直観的にそう思った。俺は魔力を『現象を起こすもの』として捉えすぎていたかもしれない。魔力は、もっと、純粋なエネルギー源で……!
師匠がバッと視線を上に向ける。師匠の口元には獰猛な笑みが浮かんでいた。
「良い……! 良いぞ……!」
大仰な掛け声なんていらない。壮大なイメージもいらない。ただ、そこにあるのは『力』!
俺の魔力が形を得る前に、割って入るものがあった。俺の練り上げた魔力をちょうど打ち消すだけの魔力がぶつけられる。
「すとっぷ、すとーっぷ! 師匠、ニコちゃん、ここただの訓練場だから! それはさすがにだめ!」
「ちっ……、セレスミーニャめ、社会性なぞ身につけおってからに……」
師匠がさめざめと泣き真似をする。
「わしは散々教えたのにのう。魔術を極めるなら社会なぞ捨て去れと……。それを協会の支部長などになりおって」
支部長にとって師匠にそう小言を言われるのは日常なのか、支部長は師匠を無視して俺に駆け寄ってくる。
「ニコちゃん! 今自分が何しようとしたかわかってる!?」
「え、いや、なんかできそうだったから……」
「現象の規模的には『塔』の階層ぶち抜けるくらいの威力あることしようとしてたからねぇ!?」
『塔』。この迷宮都市における、最高難易度を誇る未踏破ダンジョン。……その階層を、ぶち抜ける?
「……うそだぁ」
「マジじゃ。あーあ、わしは見てみたかったのに。セレスミーニャが止めなければここ百年で最も興奮する瞬間になったのにのぅ」
「あーあー聞こえなぁい。師匠の寝言なんか聞こえなぁい!」
……師匠と支部長のいうことが本当なら、その魔力を寸分狂わず相殺してみせた支部長ヤバ。キモいまであるかも。
「ニコや。迷いは晴れたか?」
師匠が静かに言った。……迷い?
「おぬしはそのままで強くなれる、わざわざ元の肉体に戻さんでも」
師匠は十割善意で言っていた。男に戻れなくていいかも、という方に傾きかけた気持ちを、理性が止める。
「まず、質問いいですか。……師匠なら、俺を戻せます……よね?」
師匠の実力を確信した上での、質問というより確認。案の定師匠は頷いた。
「ああ。じゃが、それはたとえるならおぬしの肉体を再びぐちゃぐちゃに掻き回すような作業じゃ。できることならやりたくないのう」
「師匠……」
「あと、その魔力回路がおぬしに馴染めば馴染むほど元には戻せんくなるからの。今がギリギリ間に合うくらいの感じじゃな、これは」
「師匠!?」
それをはやく言って。マジで。
俺が混乱していると、師匠はさらに言った。
「あとわし、今実は超忙しくての。今すぐにでも戻らんと」
「も、戻らんと……?」
「最悪国が一つ減る」
「師匠!?!?」
師匠が俺の肩に手を置く。小さいけど、とてつもない力を秘めた手。俺は振り払わなかった。
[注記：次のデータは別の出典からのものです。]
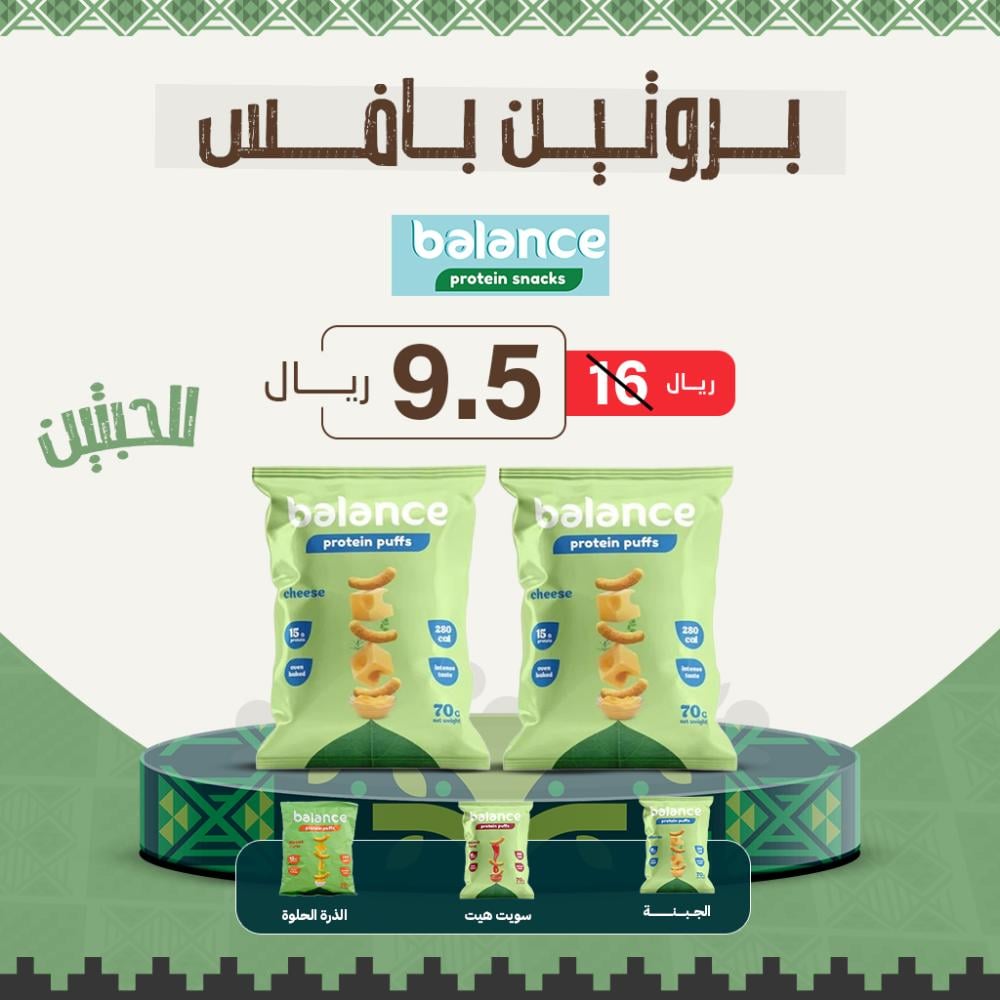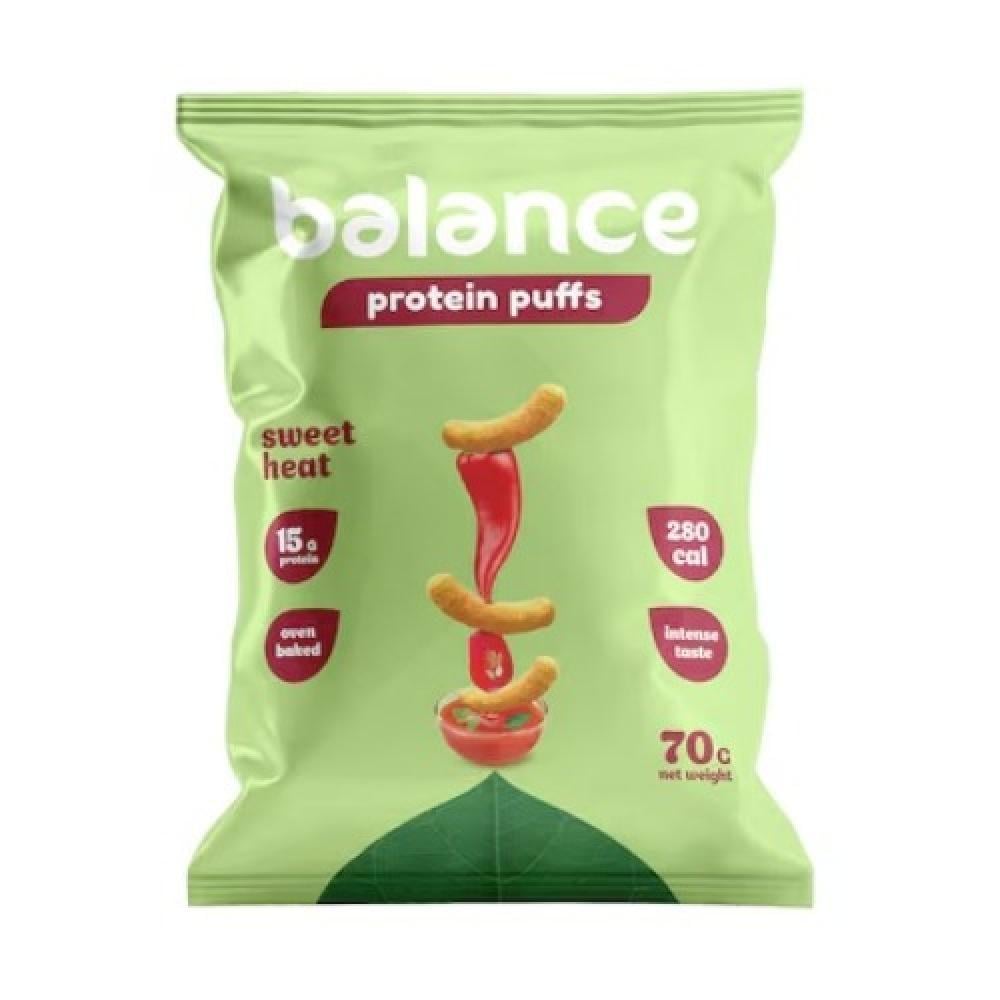 بروتين بافس بالانس Balance Protein Puffs هو سناك خفيف (بافس) غني بالبروتين، ويأتي بنكهات مختلفة مثل "الذرة الحلوة" (Sweet Corn) و"الجبنة الحلوة" (Sweet Cheese) و"السويت هيت" (Sweet Heat). كل كيس يحتوي على 70 جرامًا ويُعد خيارًا صحيًا لأنه مخبوز في الفرن وليس مقليًا.

「迷うな。社会性など捨てろ。ただ魔術の最奥を目指せば良いのじゃ」
「師匠、弟子にそれはないわぁ」
支部長がドン引きしているのが聞こえた。俺の中での姉弟子の評価が若干上がる。
「……でも師匠も、国の存亡に関わってるじゃないですか」
「む?」
「師匠も社会性、実はあるんですね」
俺の言葉に何を思ったのか、師匠はフッと笑う。
「……じゃからわしも、まだ求道者よ」
それから少しだけ考える。魔術を俺の思うままに操れるこの女の身体と、以前までの男の身体。比べてみる。
そりゃ背は男のほうがデカい。カイに見下ろされることもなかった。歩幅を合わせられることもなかった。けど、そうだ。
——そもそも、カイは女関係さえなければもっと強いメンバーと組めるポテンシャルがあるんだから
……俺はずっとカイに置いていかれることが怖かったんだ。俺なんか置いて、あいつが強くなるのが怖かった。
けど、今なら。今の俺なら、絶対にカイに置いていかれない。
「師匠」
「うん?」
「俺、……このままでいる。『戻れない』からじゃなくて、俺の意思で選ぶ。魔術を」
師匠はこれまで見たことがないくらいうれしそうに笑った。
……ほんとに、これで良かったのかな。ちょっとだけそう思う自分自身に、そっと蓋をした。